こちらのリメイクコンテストは、材料の服をピックアップする東京でのイベントへの出席が参加条件でした。ところが東京行きの旅が、まさかの台風到来で中止に…。
別日には行けなかったので、スタッフの方に5着のセレクトをお願いいたしました。リクエストは、白と生成りだけで5着。
そう、最初からウェディングドレスを作るつもりで。
デザインは届いたものを見て決める作戦
リメイクのデザインは、届いたものを見てから考えるつもりでした。最初からウェディングドレスを作るつもりではいましたが、どんなものが届くかはわからない。本当にドレスとして成立するのか不安はありましたが、きっと何とでもなるだろうし、なんだかサプライズプレゼントみたいでワクワクしました。
じゃ〜ん。入っていたのはこの5着。(と、4メートルの裏地)
そしてこちらは、サイドが開いていてヒモで結べるようになっているワンピース。これを見た瞬間、ヨシっ!と思いました。
だってコレ、かなり面白く使えそうじゃないですか?ムフフ。
服と会話する
「ワタシハネ、ソデニナリタイノ」
囁くような声がしました。
え?誰か何か言った?
あら、あなたでしたか。
そうね、身頃丸ごとボリューミーなお袖にするとかっこいいかも。しかもアシメントリーな感じに。
こういうことでしょ?
そんな感じで、服と話しをしてデザインを決めています。はい、ただのヤバい奴です。
そういえば、コンテスト後のインスタライブで、「デザインはどうやって思いついたんですか」という質問がありました。あたりさわりなく「服をよく観察して…」みたいなことを言ったかと思います。でも本当は、服とがっつり会話をしていたのです。やば。
「服と会話する」なんてインスタライブ で言おうものなら、全速力で引かれるのは目に見えていますからね。それは言わないでおきました。大人ですから。
でもきっと服にも「こうなりたい」みたいなものがあるんじゃないかなあ。その服の良いところ、面白いところを見つけてあげて、別の使い方を考えるのもリメイクの楽しいところ。
先述のワンピースは、オーバースカートとして履かせてみましたよ。
このワンピースを、
↓
履かせてみました。
「えっ私、スカートになっちゃうの?」って、服も驚いただろうなぁ。「まぁでもスカートとしての人生(服生)もアリかもね」って言ってそうにも見えます。

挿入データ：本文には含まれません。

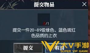 5、小伙伴需要提交绿、蓝或者红色品质20-89级的上衣然后完成奇遇。

トップスを袖にしてみたり、シャツをスカートのフリルにしたり。
このシャツを丸ごとスカートに使っているところ、わかります?
↓そう、ここです。あえてのボタン残し。
アンダースカートに使った4メートルの裏地の裁断後のハギレや、身頃丸ごと袖に使ったトップスの本来の袖部分や、ワンピースのヒモまでも余すところなく。
最後の最後に余った端切れは、コサージュにして胸元に。
残ったのはわずかこれだけ!
やり切った感!
「エシカル」というコンセプトだけではなく、ちゃんとドレスとして「美しい」ということを目指していたので、美しさを評価していただけたことはものすごく嬉しかったです。
でもやっぱり、ドレスは人が着た時に一番輝く。
つゆちゃん結婚おめでとう!
服たちも、きっとよろこんでる。